Exercise goal —
The entries need to be copied exactly as they stand, images left out.

(Material for this exercise begins)

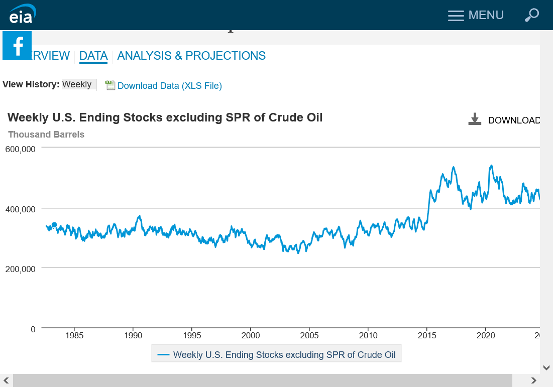 The current level of TOTAL crude stocks is the lowest since February, 1986 during Reagan's filling up of the SPR during his 2 terms as president.........building our crude oil energy security.....to be frittered away for political reasons by Biden/HARRIS..........who now, insanely are trying to twist and lie about it and pretend they did good WITH FAKE SPR NUMBERS. NOT!!!!
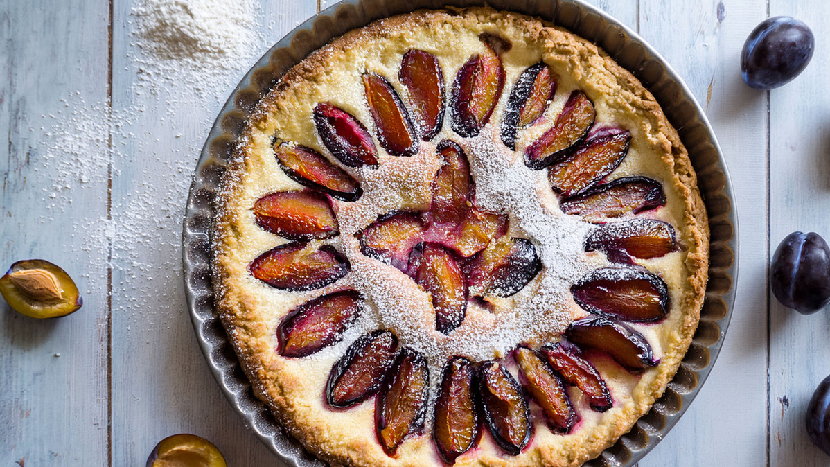 Für den Teig Mehl, 100 g Butter in Stückchen, 50 g Zucker, 1 Prise Salz und 2 EL kaltes Wasser erst mit den Händen, dann mit den Knethaken des Rührgeräts rasch zu einem glatten Teig verkneten. In Folie wickeln und ca. 1 Stunde kalt stellen. Pflaumen waschen, halbieren, entsteinen und je nach Größe halbieren oder in breite Spalten schneiden. Backofen vorheizen (E-Herd: 200 °C/Umluft: 175 °C). Mascarpone, Eigelb und Vanillezucker verrühren. 1 EL Mandeln grob hacken, restliche Mandeln fein mahlen.
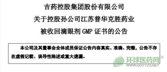 日前,吉藥控股發(fā)布公告稱(chēng),公司控股孫公司克勝藥業(yè)被江蘇省藥監(jiān)局責(zé)令收回滴眼劑GMP證書(shū),原因是克勝藥業(yè)2017年采購(gòu)原料羥芐唑違規(guī)、不良反應(yīng)直報(bào)等八項(xiàng)問(wèn)題和缺陷違反藥品管理法、嚴(yán)重違反藥品GMP相關(guān)規(guī)定?藙偎帢I(yè)于2019年12月9日被收回滴眼劑GMP證書(shū),而這將造成滴眼劑停產(chǎn)。
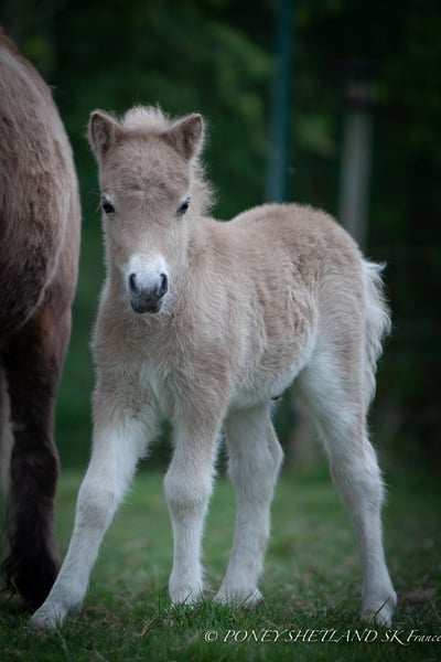 PACANNAN Súper potro Shetland con papeles completos registrado en el IFCE. Capa Mushroom. Magnífico joven pony, será ideal para el ocio, la compañía, la cría (excelentes orígenes y modelo). También se puede vender para la conducción, en pareja con su medio hermano de la misma capa: PÌOSAN SKYE. Criadero profesional declarado. Precio mostrado sin IVA.
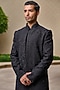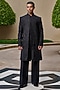 Featuring a black sherwani in georgette base with thread and diamond embroidery. It is paired with a cotton jacquard kurta and georgette flared trousers. Style it with a pair of loafers and a swarovski mala for black-tie festive events, sangeet or cocktail ceremony.
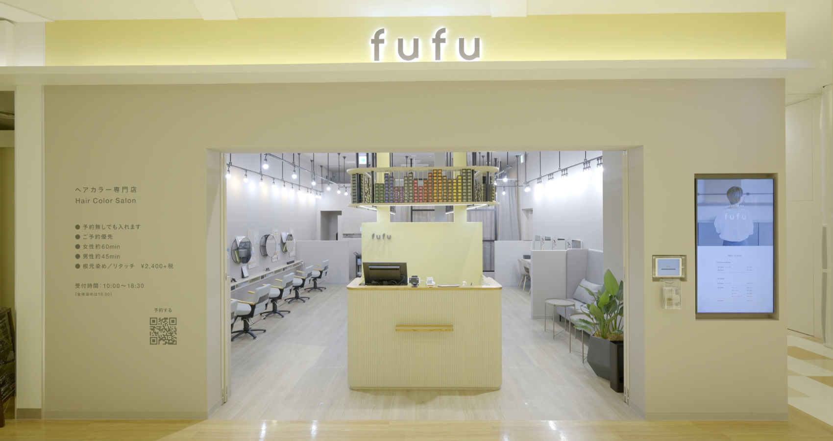 同社はヘアカラーに特化することで、プロによるクオリティの高い施術を、来店からシャンプー完了まで60分という短時間で提供し、リーズナブルな価格で提供することで事業を拡大し、業界トップクラスの地位を築いています。fufuに通うお客様は、買い物の合間や仕事帰りなどの日常生活の中で、高品質なヘアカラーを受けることができます。この品質の高さ、利便性などから定期的に来店されるお客様が多く、毎日をにこやかに過ごすためのメンテナンス空間となっています。
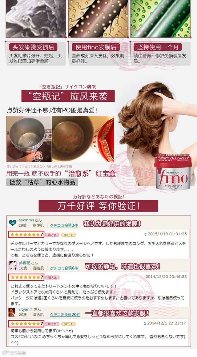 Shiseido资生堂fino渗透护发膜素230g*1瓶 日版COSME冠军 原价:158元 粉丝群补贴价:69元
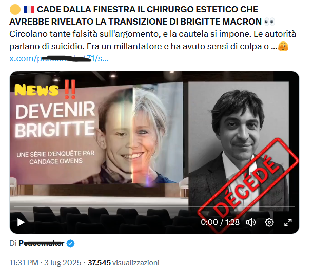 L’Operazione Doppelganger inventa il chirurgo plastico ucciso per aver scoperto che Brigitte Macron è un uomo: questo il contenuto di due post X, uno in lingua italiana ed uno in lingua inglese entrambi pubblicati da account “spunta blu”.

(Material for this exercise ends)

Answer to this task —
 The current level of TOTAL crude stocks is the lowest since February, 1986 during Reagan's filling up of the SPR during his 2 terms as president.........building our crude oil energy security.....to be frittered away for political reasons by Biden/HARRIS..........who now, insanely are trying to twist and lie about it and pretend they did good WITH FAKE SPR NUMBERS. NOT!!!!
 Für den Teig Mehl, 100 g Butter in Stückchen, 50 g Zucker, 1 Prise Salz und 2 EL kaltes Wasser erst mit den Händen, dann mit den Knethaken des Rührgeräts rasch zu einem glatten Teig verkneten. In Folie wickeln und ca. 1 Stunde kalt stellen. Pflaumen waschen, halbieren, entsteinen und je nach Größe halbieren oder in breite Spalten schneiden. Backofen vorheizen (E-Herd: 200 °C/Umluft: 175 °C). Mascarpone, Eigelb und Vanillezucker verrühren. 1 EL Mandeln grob hacken, restliche Mandeln fein mahlen.
 日前,吉藥控股發(fā)布公告稱(chēng),公司控股孫公司克勝藥業(yè)被江蘇省藥監(jiān)局責(zé)令收回滴眼劑GMP證書(shū),原因是克勝藥業(yè)2017年采購(gòu)原料羥芐唑違規(guī)、不良反應(yīng)直報(bào)等八項(xiàng)問(wèn)題和缺陷違反藥品管理法、嚴(yán)重違反藥品GMP相關(guān)規(guī)定?藙偎帢I(yè)于2019年12月9日被收回滴眼劑GMP證書(shū),而這將造成滴眼劑停產(chǎn)。
 PACANNAN Súper potro Shetland con papeles completos registrado en el IFCE. Capa Mushroom. Magnífico joven pony, será ideal para el ocio, la compañía, la cría (excelentes orígenes y modelo). También se puede vender para la conducción, en pareja con su medio hermano de la misma capa: PÌOSAN SKYE. Criadero profesional declarado. Precio mostrado sin IVA.
 Featuring a black sherwani in georgette base with thread and diamond embroidery. It is paired with a cotton jacquard kurta and georgette flared trousers. Style it with a pair of loafers and a swarovski mala for black-tie festive events, sangeet or cocktail ceremony.
 同社はヘアカラーに特化することで、プロによるクオリティの高い施術を、来店からシャンプー完了まで60分という短時間で提供し、リーズナブルな価格で提供することで事業を拡大し、業界トップクラスの地位を築いています。fufuに通うお客様は、買い物の合間や仕事帰りなどの日常生活の中で、高品質なヘアカラーを受けることができます。この品質の高さ、利便性などから定期的に来店されるお客様が多く、毎日をにこやかに過ごすためのメンテナンス空間となっています。
 Shiseido资生堂fino渗透护发膜素230g*1瓶 日版COSME冠军 原价:158元 粉丝群补贴价:69元
 L’Operazione Doppelganger inventa il chirurgo plastico ucciso per aver scoperto che Brigitte Macron è un uomo: questo il contenuto di due post X, uno in lingua italiana ed uno in lingua inglese entrambi pubblicati da account “spunta blu”.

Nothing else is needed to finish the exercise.